Kristin M. Daly, MSN, ANP-BC, AOCNP, highlights the difference between somatic and germline variants.
Many individuals are surprised to learn that most cancers are driven by somatic variants and not germline variants, according to Kristin M. Daly, MSN, ANP-BC, AOCNP.
Daly, who is a nurse practitioner at Siteman Cancer Center at the Washington University in St Louis School of Medicine, recently delivered a Precision Medicine Primer and Case-Based Workshop as part of the nursing track at the 40th Annual Miami Breast Cancer Conference®. During her presentation, Daly explained the different between genetics and genomics, noting that genetics are the study of genes and their effects, and specifically, it is the study of how genes are inherited and can create conditions or illness. Genomics, on the other hand, is the study of all of an individual’s genes (their genomes) and how they interact with one another and with the environment within that person, and how this contributes to illness.1
Along with the difference between genetics and genomics, oncology nurses should understand the difference between somatic and germline variants.
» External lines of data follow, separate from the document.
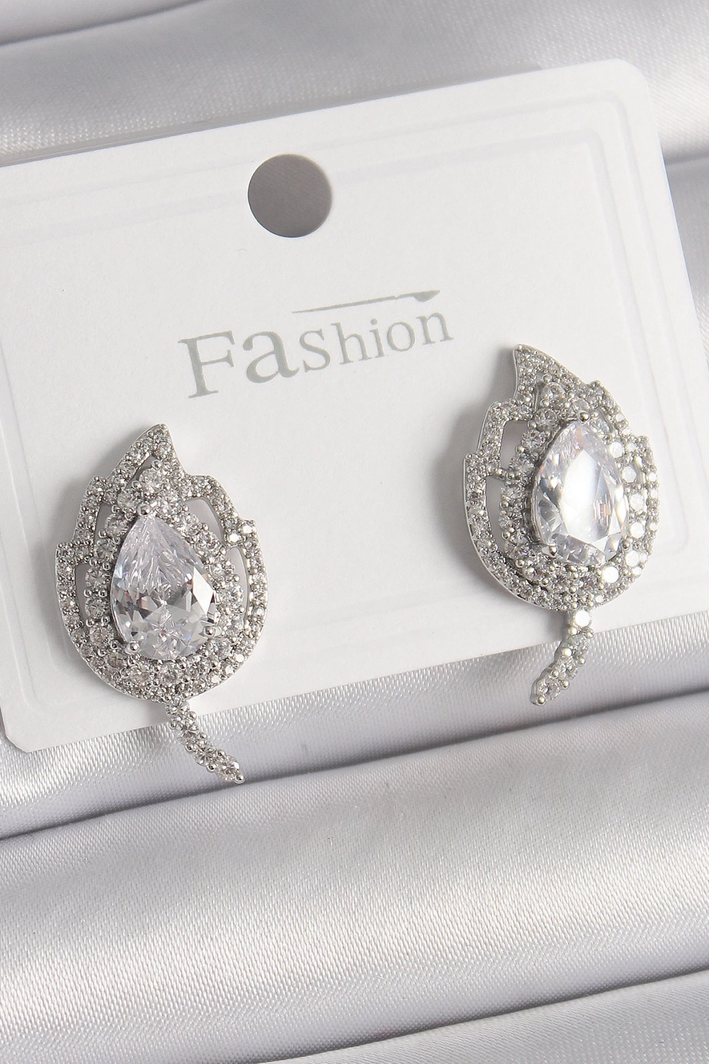 Pirinç Gümüş Renk Zirkon Taşlı Yaprak Model Kadın Küpe - TJ-BKP9946
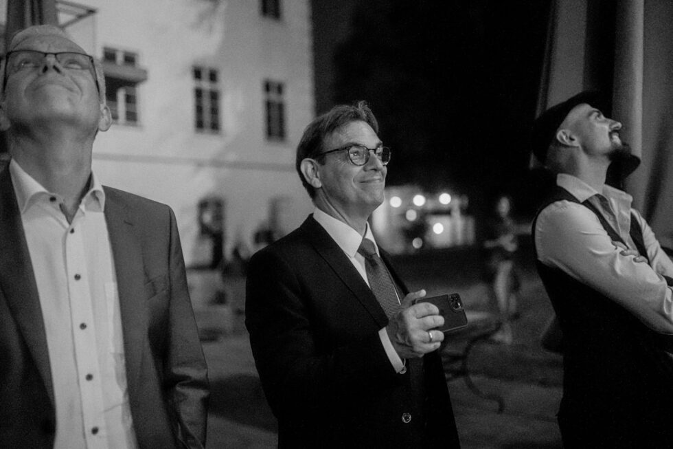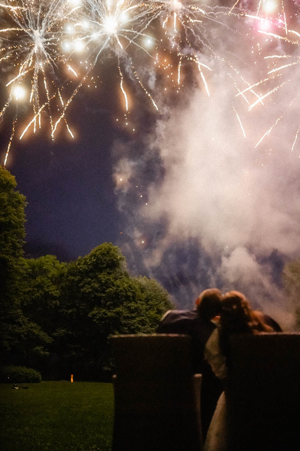 Manche Dinge erlebe auch ich als Hochzeitsfotograf nicht allzu oft und dazu gehört auf jeden Fall ein persönliches Feuerwerk. Das haben die Beiden geschenkt bekommen und meine Güte – ich weiß gar nicht, wie ich das in Worte fassen soll. Es war unglaublich schön! Lucy und Jan saßen ganz vorne während über der großen Wiese des Guts ein Feuerwerk extra für sie veranstaltet wurde. Alle Gäste schauten staunend in den Himmel und das komplette Personal des Schlossguts war ebenfalls draußen versammelt. Sowas erlebt man nicht alle Tage!
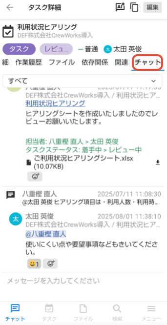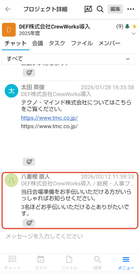 プロジェクト内でチャットメッセージをやり取りできます。会議、タスク、ファイルにもそれぞれ「チャット」タブが用意されており、どの画面でもチャットできます。
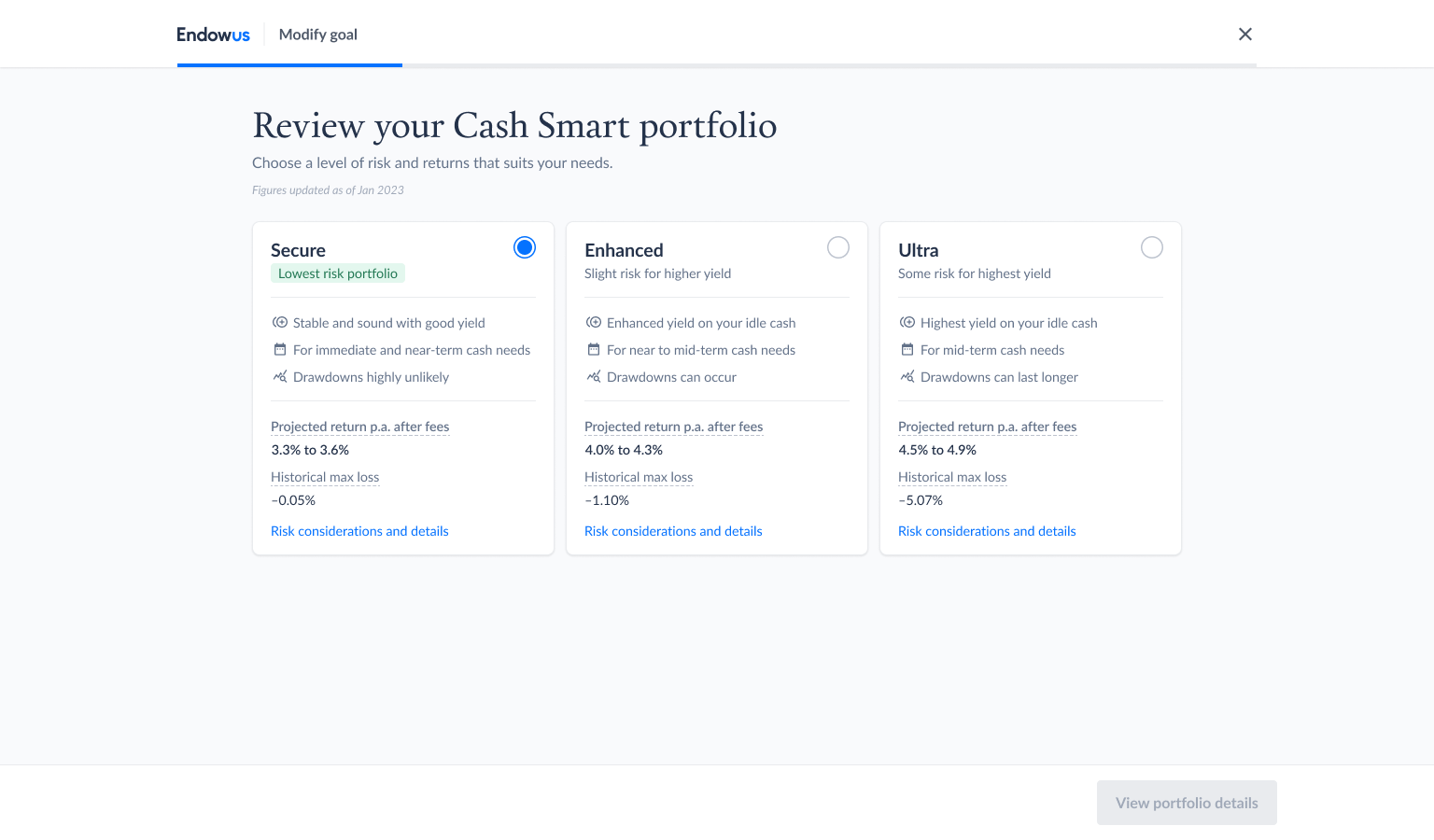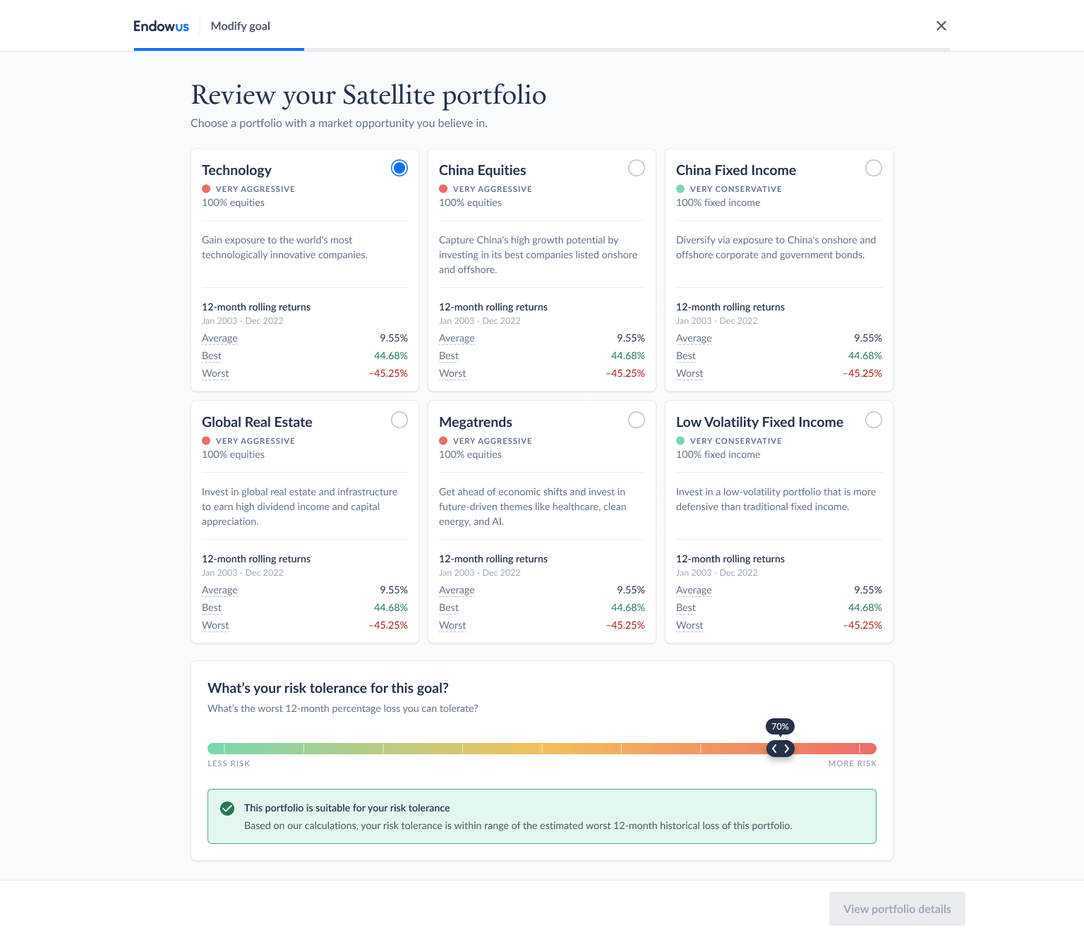 - Select your risk appetite for this goal and corresponding portfolio you would like to modify into

As Daly outlined in her presentation, somatic variants are acquired. These are changes in the cells of the body or tumor that occur following conception. They are not inherited and will not be passed to children because they are not present in germ cells. Moreover, somatic variants can be positive, negative, or neutral.
In contrast, germline variants are inherited. These changes are present in the germ cells (sperm or egg) and are therefore present in every cell of an individual. These can be passed to children, and often thought of as risk or susceptibility biomarkers. However, these are less common oncogenic drivers; they only represent about 5% to 10% of cancers.2
“The vast majority of biomarkers that we’re going to be testing for are going to be somatic,” Daly emphasized. “[Somatic] comes from the word soma [meaning] body. So somatic [variants] are changes that have occurred in the body after conception. They are not inheritable.”
“People are often surprised to know that only about 5% to 10% of cancers are caused by germline or inherited variants,” she noted. “That even sometimes surprises some oncology nurses. I was surprised when I first found that out. Still, it’s important to know. In breast cancer, [individuals] can have both germline and somatic [variants] and it’s important to know which.”
She noted that in with breast cancer, there are women with germline BRCA mutations cancer, but that it is not always the case. As an oncology nurse, it is important to understand a patient’s individual cancer, and help them to understand the potential risk they could pass to children and descendants.
“We do have patients who have BRCA-positive cancer, but it’s not germline,” Daly explained. “That means it can’t be passed on to their children and their descendants. That’s important to know. You can understand how a patient might find that very confusing or be worried if we’re [to say] ‘You have this [variant], and we have this therapy.’ Patients, by and large, aren’t going to know the difference between germline and somatic.”